Abstract: Two proteins with seven transmembrane-spanning domains typical of guanosine-nucleotide-binding-protein-coupled receptors have been identified as cannabinoid receptors; the central cannabinoid receptor, CB1, and the peripheral cannabinoid receptor, CB2, initially described in rat brain and spleen, respectively. Here, we report the distribution patterns for both CB1 and CB2 transcripts in human immune cells and in several human tissues, as analysed using a highly sensitive and quantitative PCR-based method. CB1 was mainly expressed in the central nervous system and, to a lower extent, in several peripheral tissues such as adrenal gland, heart, lung, prostate, uterus, ovary, testis, bone marrow, thymus and tonsils. In contrast, the CB2 gene, which is not expressed in the brain, was particularly abundant in immune tissues, with an expression level 10-100-fold higher than that of CB1. Although CB2 mRNA was also detected in some other peripheral tissues, its level remained very low. In spleen and tonsils, the CB2 mRNA content was equivalent to that of CB1 mRNA in the central nervous system. Among the main human blood cell subpopulations, the distribution pattern of the CB2 mRNA displayed important variations. The rank order of CB2 mRNA levels in these cells was B-cells > natural killer cells >> monocytes > polymorphonuclear neutrophil cells > T8 cells > T4 cells. The same rank order was also established in human cell lines belonging to the myeloid, monocytic and lymphoid lineages. The prevailing expression of the CB2 gene in immune tissues was confirmed by Northern-blot analysis. In addition, the expression of the CB2 protein was demonstrated by an immunohistological analysis performed on tonsil sections using specific anti-(human CB2) IgG; this experiment showed that CB2 expression was restricted to B-lymphocyte-enriched areas of the mantle of secondary lymphoid follicles. These results suggest that (a) CB1 and CB2 can be considered as tissue-selective antigens of the central nervous system and immune system, respectively, and (b) cannabinoids may exert specific receptor-mediated actions on the immune system through the CB2 receptor.
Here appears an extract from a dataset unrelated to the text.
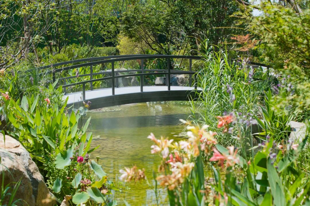 为此,项目将植物配置、竖向地形、铺装材料进行整合与拉通,确保海绵理念与景观空间无缝衔接,达到整体而有机的呈现。尤其在植物配置时,旭辉铂悦溪上植物配植时更充分考虑花期、色彩、形态、质地、季相等的搭配,实现花镜植物、常规植物、水生植物的复合种植,保证雨水花园的观赏性。
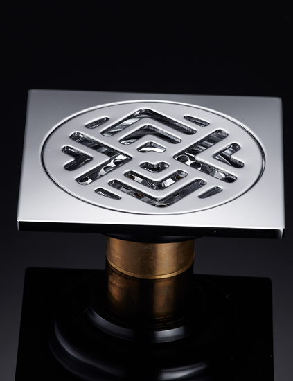 D011不銹鋼電鍍地漏優勢:面板靈感源自中國傳統窗花剪紙的元素,主體、面板使用不銹鋼拋光電鍍工藝、防臭芯使用銅材。地漏防臭芯使用全銅T型防臭芯,排水速度快,防臭效果好。

The endogenous cannabinoid system controls extinction of aversive memories

Abstract: Acquisition and storage of aversive memories is one of the basic principles of central nervous systems throughout the animal kingdom. In the absence of reinforcement, the resulting behavioural response will gradually diminish to be finally extinct. Despite the importance of extinction, its cellular mechanisms are largely unknown. The cannabinoid receptor 1 (CB1) and endocannabinoids are present in memory-related brain areas and modulate memory. Here we show that the endogenous cannabinoid system has a central function in extinction of aversive memories. CB1-deficient mice showed strongly impaired short-term and long-term extinction in auditory fear-conditioning tests, with unaffected memory acquisition and consolidation. Treatment of wild-type mice with the CB1 antagonist SR141716A mimicked the phenotype of CB1-deficient mice, revealing that CB1 is required at the moment of memory extinction. Consistently, tone presentation during extinction trials resulted in elevated levels of endocannabinoids in the basolateral amygdala complex, a region known to control extinction of aversive memories. In the basolateral amygdala, endocannabinoids and CB1 were crucially involved in long-term depression of GABA (gamma-aminobutyric acid)-mediated inhibitory currents. We propose that endocannabinoids facilitate extinction of aversive memories through their selective inhibitory effects on local inhibitory networks in the amygdala.